▸ **YOUR INSTRUCTIONS**:
Leave the pictures out. Retype exactly the lines below from the one containing "随后,在各部门负责人的组织下" through the one containing "Zapdos *Shadow ]", and no others.

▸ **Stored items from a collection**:
________________________________________
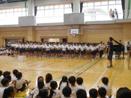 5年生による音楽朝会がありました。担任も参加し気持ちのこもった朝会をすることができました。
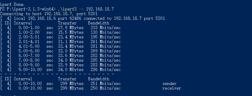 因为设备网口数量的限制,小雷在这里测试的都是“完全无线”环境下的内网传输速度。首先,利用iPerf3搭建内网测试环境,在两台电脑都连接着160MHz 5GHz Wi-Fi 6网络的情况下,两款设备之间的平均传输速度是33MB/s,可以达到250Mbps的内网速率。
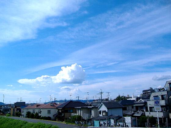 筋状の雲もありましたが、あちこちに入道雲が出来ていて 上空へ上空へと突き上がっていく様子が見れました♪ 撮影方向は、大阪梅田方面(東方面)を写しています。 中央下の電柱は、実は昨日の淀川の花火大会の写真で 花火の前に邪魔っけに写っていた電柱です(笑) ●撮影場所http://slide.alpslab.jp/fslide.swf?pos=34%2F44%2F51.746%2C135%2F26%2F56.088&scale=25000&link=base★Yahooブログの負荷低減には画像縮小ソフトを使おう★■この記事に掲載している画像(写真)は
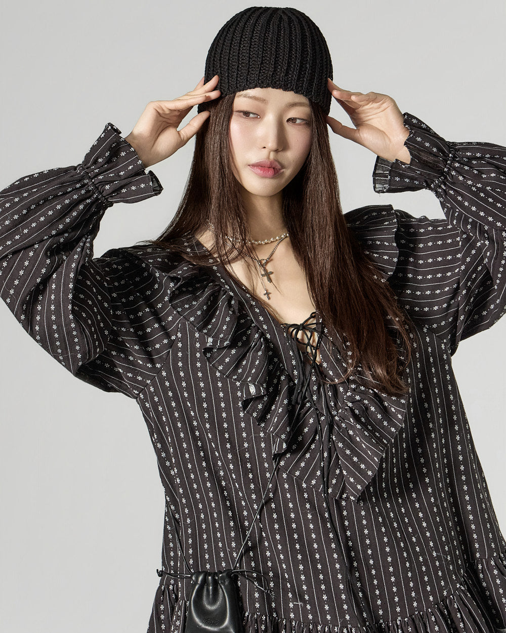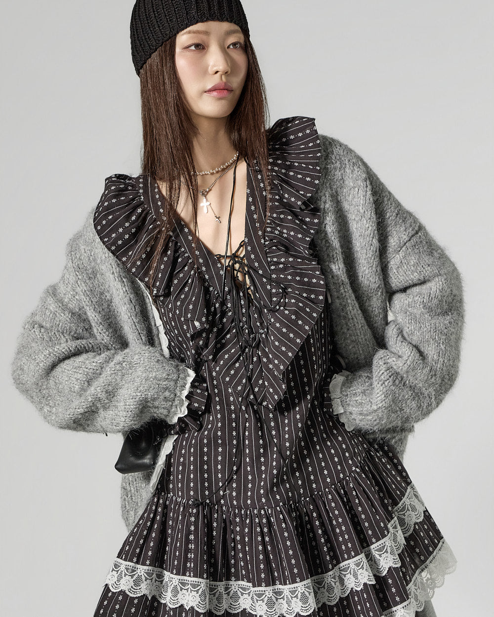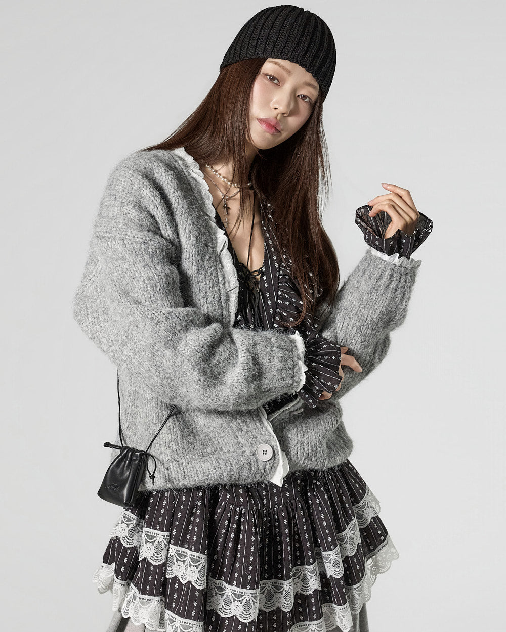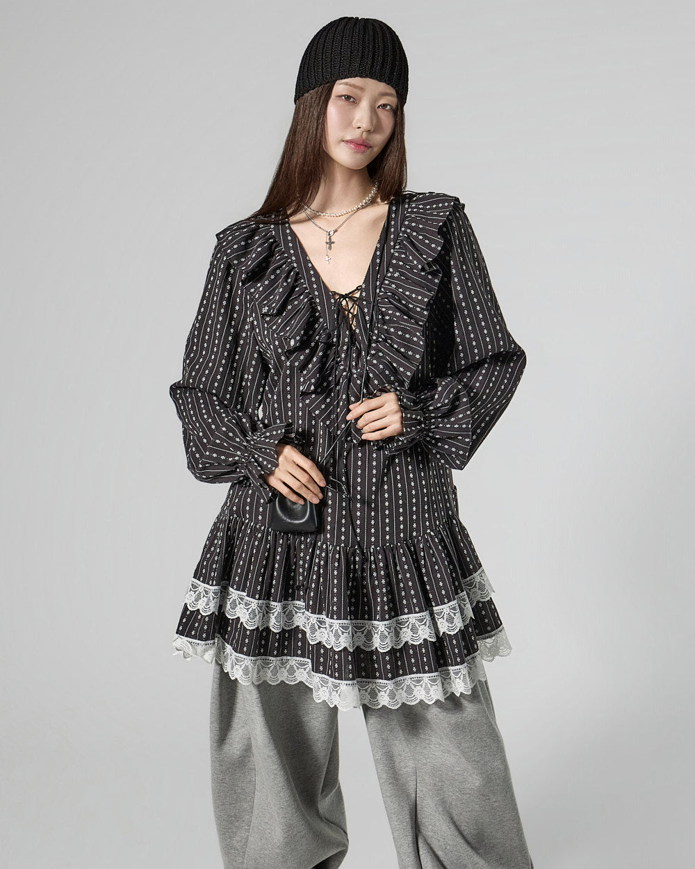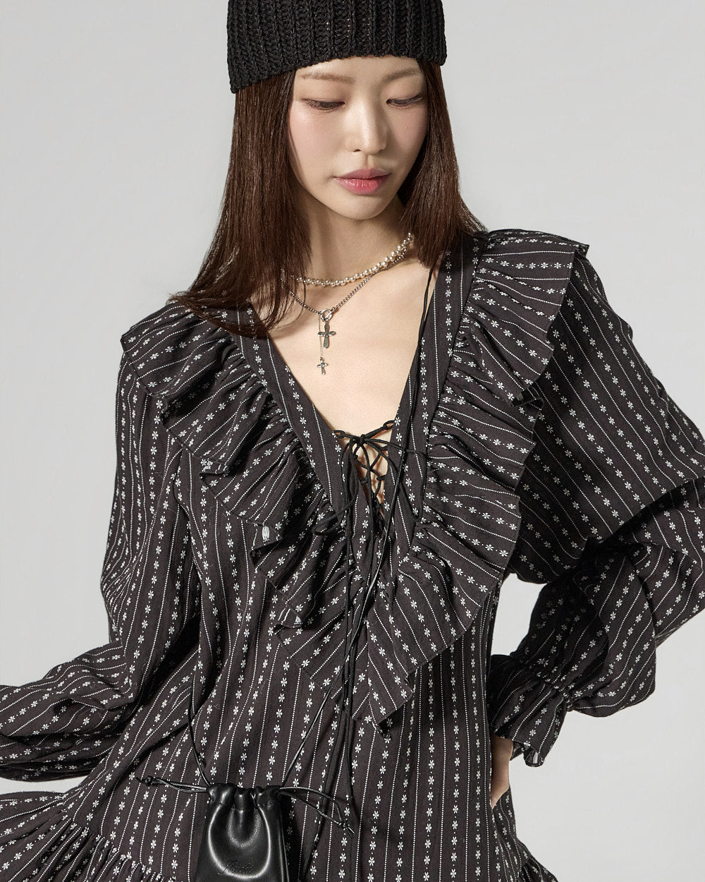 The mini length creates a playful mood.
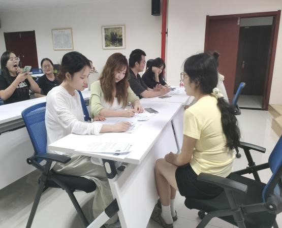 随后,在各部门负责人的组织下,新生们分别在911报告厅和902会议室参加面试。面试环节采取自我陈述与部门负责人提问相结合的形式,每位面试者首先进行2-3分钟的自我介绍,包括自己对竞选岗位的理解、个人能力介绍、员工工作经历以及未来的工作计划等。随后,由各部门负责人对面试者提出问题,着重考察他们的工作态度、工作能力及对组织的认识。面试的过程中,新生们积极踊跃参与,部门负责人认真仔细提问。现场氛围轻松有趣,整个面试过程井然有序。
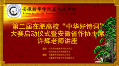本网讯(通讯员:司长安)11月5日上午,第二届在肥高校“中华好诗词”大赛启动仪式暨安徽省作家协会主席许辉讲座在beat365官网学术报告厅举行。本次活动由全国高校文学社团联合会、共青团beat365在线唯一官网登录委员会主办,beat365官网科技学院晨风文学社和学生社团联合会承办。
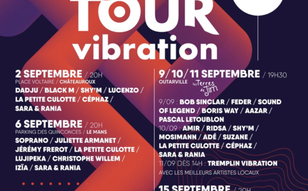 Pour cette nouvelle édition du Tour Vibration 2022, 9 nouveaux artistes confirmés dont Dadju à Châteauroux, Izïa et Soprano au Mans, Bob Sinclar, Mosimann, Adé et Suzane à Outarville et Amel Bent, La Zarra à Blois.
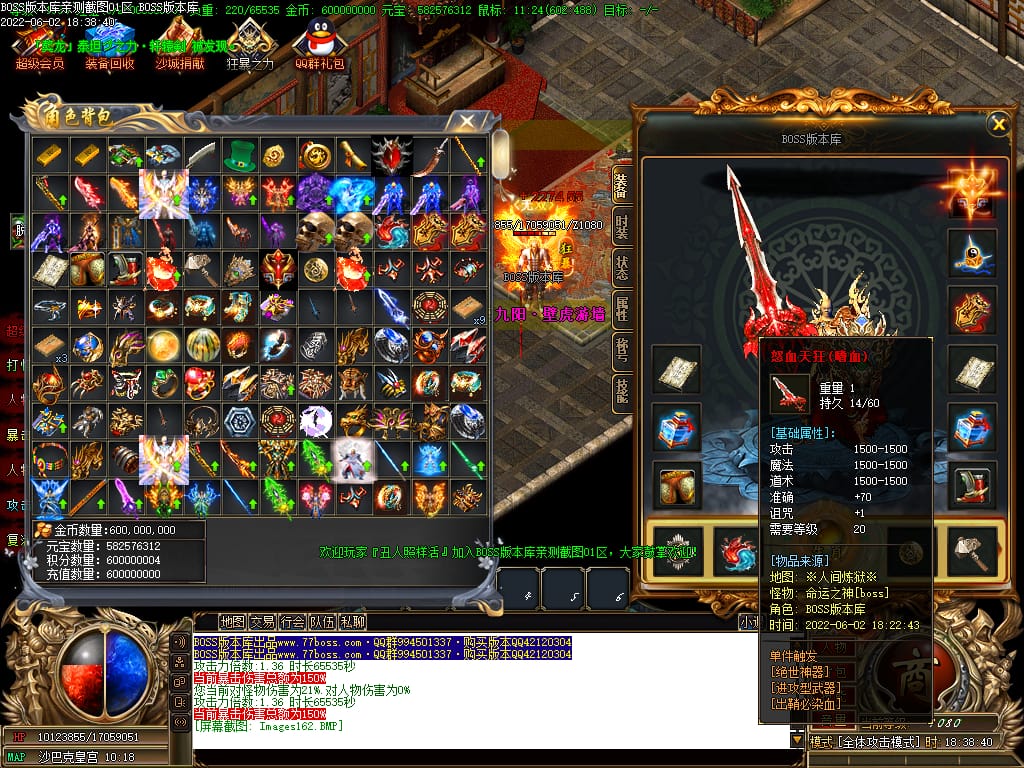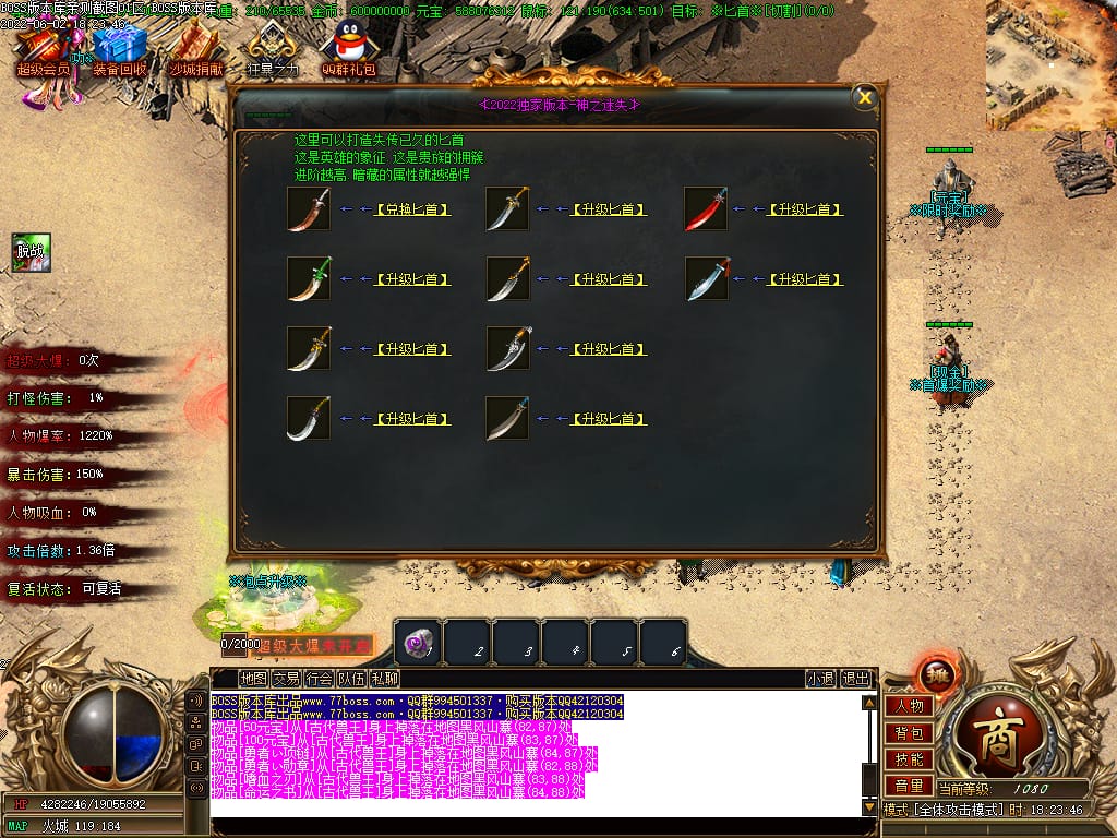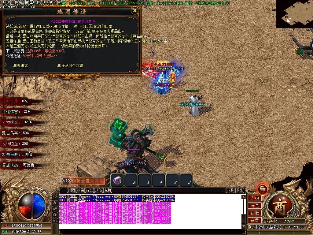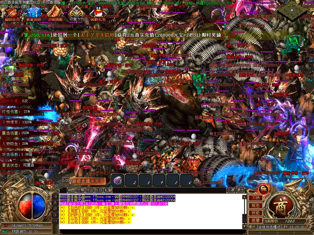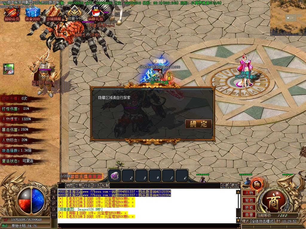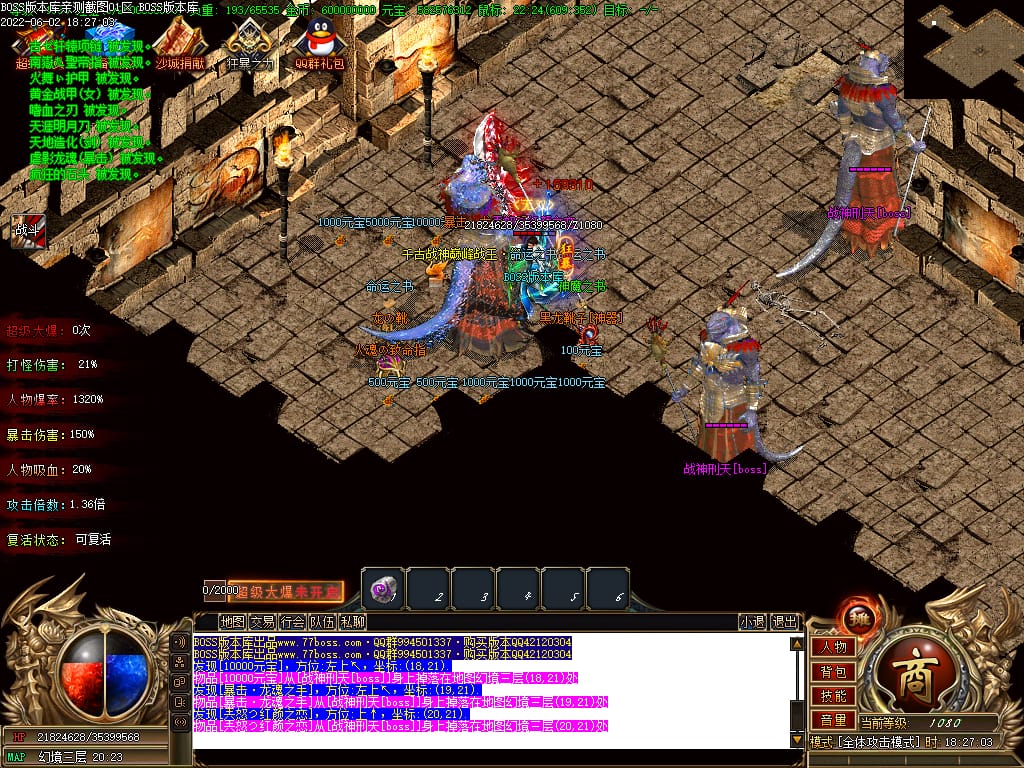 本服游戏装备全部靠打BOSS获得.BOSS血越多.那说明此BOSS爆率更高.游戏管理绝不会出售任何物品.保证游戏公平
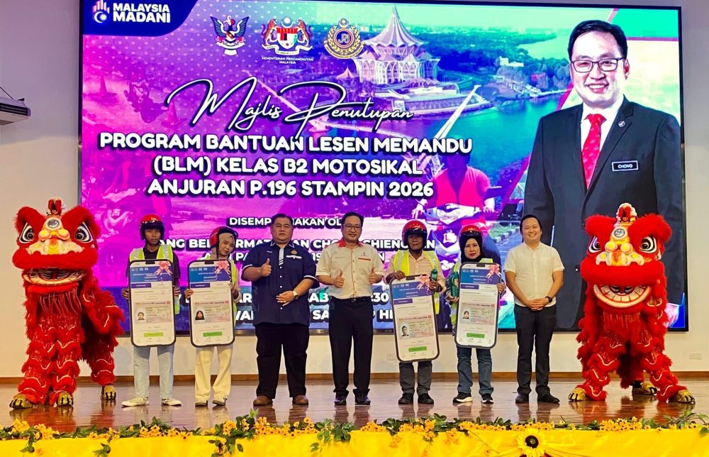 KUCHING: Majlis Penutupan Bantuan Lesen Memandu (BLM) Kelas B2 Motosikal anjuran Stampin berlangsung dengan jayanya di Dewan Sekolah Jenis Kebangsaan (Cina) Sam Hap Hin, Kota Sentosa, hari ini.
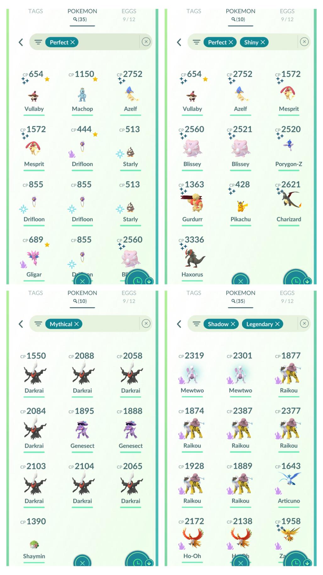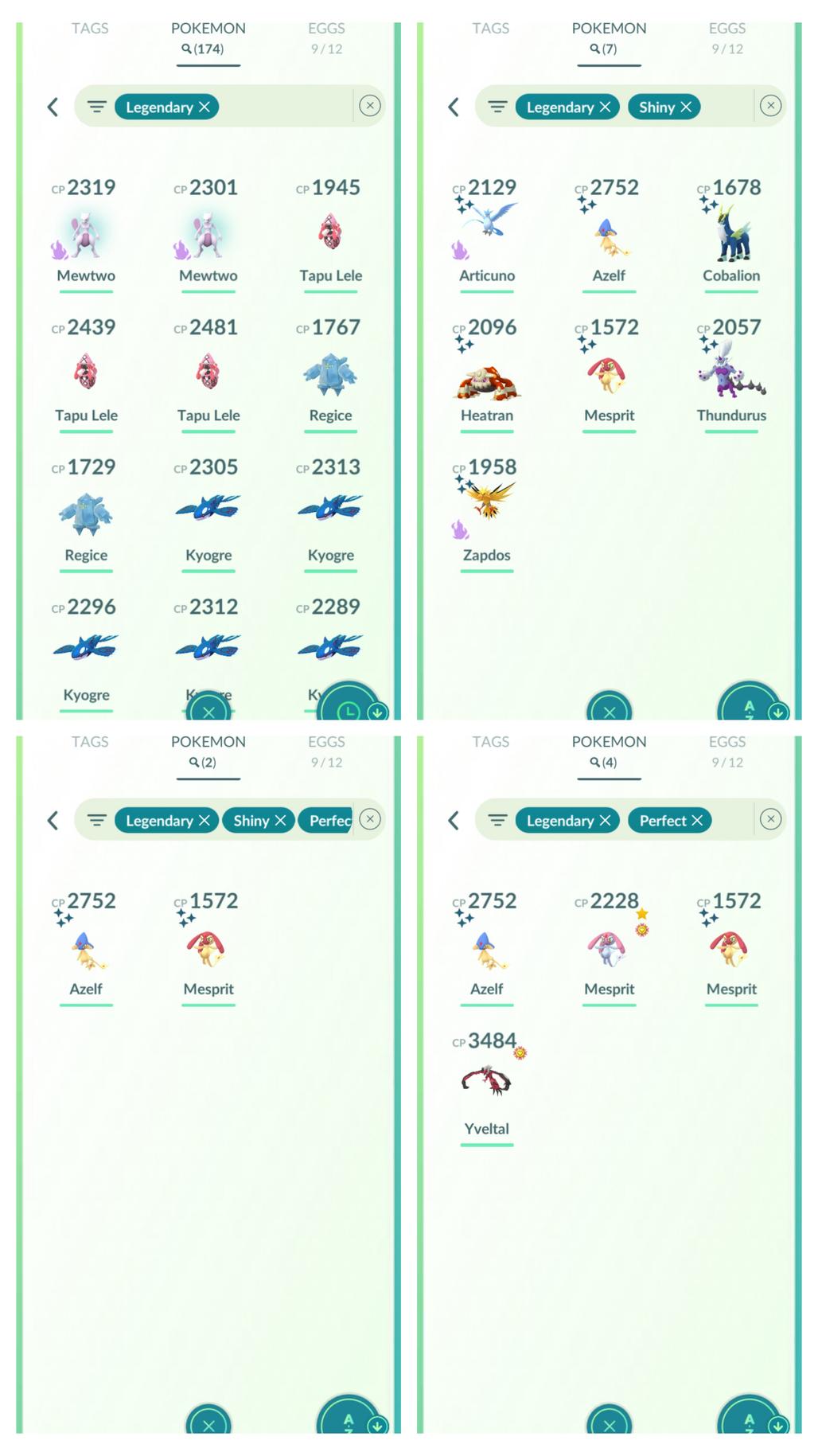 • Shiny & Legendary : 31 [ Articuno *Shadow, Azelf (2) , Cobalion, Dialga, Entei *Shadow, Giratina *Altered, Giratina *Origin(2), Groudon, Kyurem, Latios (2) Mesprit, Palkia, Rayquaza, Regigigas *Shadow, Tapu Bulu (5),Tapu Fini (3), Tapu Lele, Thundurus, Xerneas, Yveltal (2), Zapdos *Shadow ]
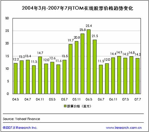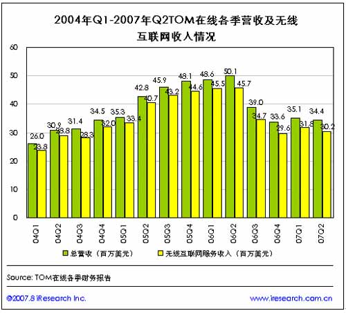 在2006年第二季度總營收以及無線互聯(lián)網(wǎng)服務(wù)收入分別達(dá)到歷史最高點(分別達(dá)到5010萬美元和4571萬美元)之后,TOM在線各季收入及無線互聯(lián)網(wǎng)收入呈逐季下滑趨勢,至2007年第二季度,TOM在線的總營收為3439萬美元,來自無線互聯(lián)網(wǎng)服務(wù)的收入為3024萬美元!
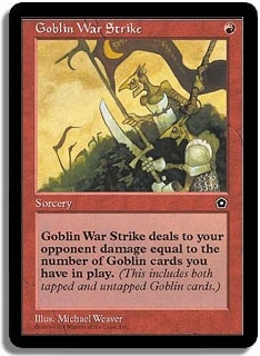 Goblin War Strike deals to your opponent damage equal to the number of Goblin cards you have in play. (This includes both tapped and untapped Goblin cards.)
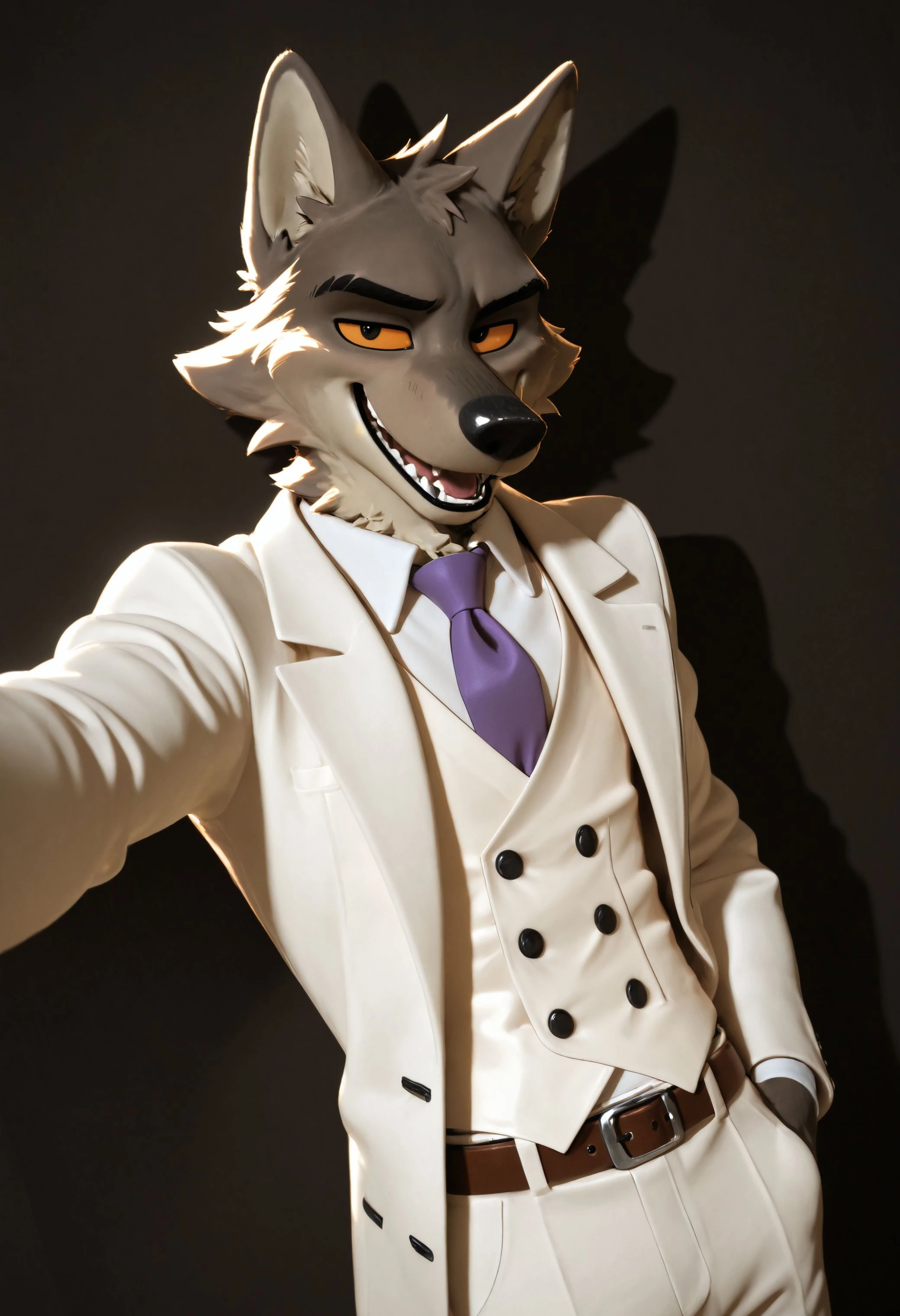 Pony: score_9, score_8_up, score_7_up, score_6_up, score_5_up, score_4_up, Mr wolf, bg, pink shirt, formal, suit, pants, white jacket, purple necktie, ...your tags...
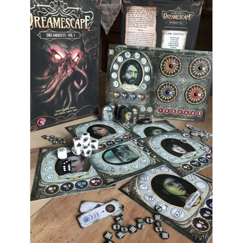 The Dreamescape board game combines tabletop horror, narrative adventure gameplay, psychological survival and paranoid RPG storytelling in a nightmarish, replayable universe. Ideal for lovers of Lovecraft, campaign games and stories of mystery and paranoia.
________________________________________
▸ **YOUR RESPONSE**:
 随后,在各部门负责人的组织下,新生们分别在911报告厅和902会议室参加面试。面试环节采取自我陈述与部门负责人提问相结合的形式,每位面试者首先进行2-3分钟的自我介绍,包括自己对竞选岗位的理解、个人能力介绍、员工工作经历以及未来的工作计划等。随后,由各部门负责人对面试者提出问题,着重考察他们的工作态度、工作能力及对组织的认识。面试的过程中,新生们积极踊跃参与,部门负责人认真仔细提问。现场氛围轻松有趣,整个面试过程井然有序。
本网讯(通讯员:司长安)11月5日上午,第二届在肥高校“中华好诗词”大赛启动仪式暨安徽省作家协会主席许辉讲座在beat365官网学术报告厅举行。本次活动由全国高校文学社团联合会、共青团beat365在线唯一官网登录委员会主办,beat365官网科技学院晨风文学社和学生社团联合会承办。
 Pour cette nouvelle édition du Tour Vibration 2022, 9 nouveaux artistes confirmés dont Dadju à Châteauroux, Izïa et Soprano au Mans, Bob Sinclar, Mosimann, Adé et Suzane à Outarville et Amel Bent, La Zarra à Blois.
 本服游戏装备全部靠打BOSS获得.BOSS血越多.那说明此BOSS爆率更高.游戏管理绝不会出售任何物品.保证游戏公平
 KUCHING: Majlis Penutupan Bantuan Lesen Memandu (BLM) Kelas B2 Motosikal anjuran Stampin berlangsung dengan jayanya di Dewan Sekolah Jenis Kebangsaan (Cina) Sam Hap Hin, Kota Sentosa, hari ini.
 • Shiny & Legendary : 31 [ Articuno *Shadow, Azelf (2) , Cobalion, Dialga, Entei *Shadow, Giratina *Altered, Giratina *Origin(2), Groudon, Kyurem, Latios (2) Mesprit, Palkia, Rayquaza, Regigigas *Shadow, Tapu Bulu (5),Tapu Fini (3), Tapu Lele, Thundurus, Xerneas, Yveltal (2), Zapdos *Shadow ]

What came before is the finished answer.